The paper tackles the problem of target speaker extraction by proposing a training-free multi-step inference method that iteratively refines speech estimates using a frozen pretrained model, achieving consistent gains in metrics like SI-SDRi when ground-truth is available and enabling controllable extraction preferences through joint metric optimization.

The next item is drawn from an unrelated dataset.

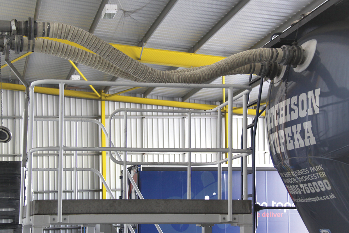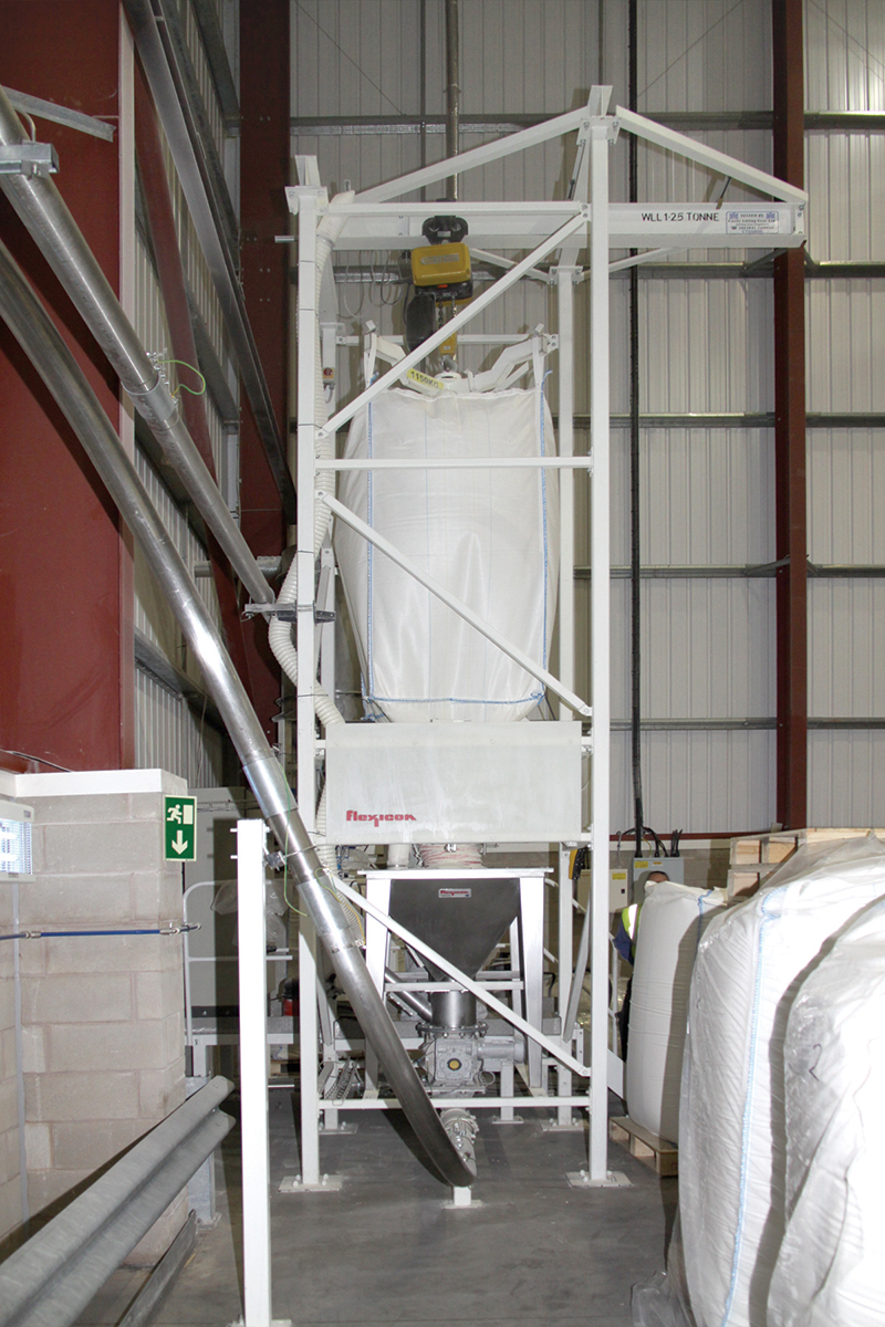 At the heart of the bulk transfer system (manufactured by Flexicon Europe Ltd, Herne Bay, Kent, UK), is a Model BFC bulk bag discharger configured with a cantilevered I-beam, electric hoist and trolley, flow promotion devices and a hopper equipped with a rotary airlock valve. The dilute phase pneumatic conveying portion of the system consists of a positive displacement pressure blower, pneumatic conveying line and a filter receiver located downstream from the bulk tanker truck. Automated controls orchestrate operation of the flow promotion devices, rotary airlock valves, blower and filter receiver.

Target speaker extraction (TSE) aims to recover a target speaker's speech from a mixture using a reference utterance as a cue. Most TSE systems adopt conditional auto-encoder architectures with one-step inference. Inspired by test-time scaling, we propose a training-free multi-step inference method that enables iterative refinement with a frozen pretrained model. At each step, new candidates are generated by interpolating the original mixture and the previous estimate, and the best candidate is selected for further refinement until convergence. Experiments show that, when ground-truth target speech is available, optimizing an intrusive metric (SI-SDRi) yields consistent gains across multiple evaluation metrics. Without ground truth, optimizing non-intrusive metrics (UTMOS or SpkSim) improves the corresponding metric but may hurt others. We therefore introduce joint metric optimization to balance these objectives, enabling controllable extraction preferences for practical deployment.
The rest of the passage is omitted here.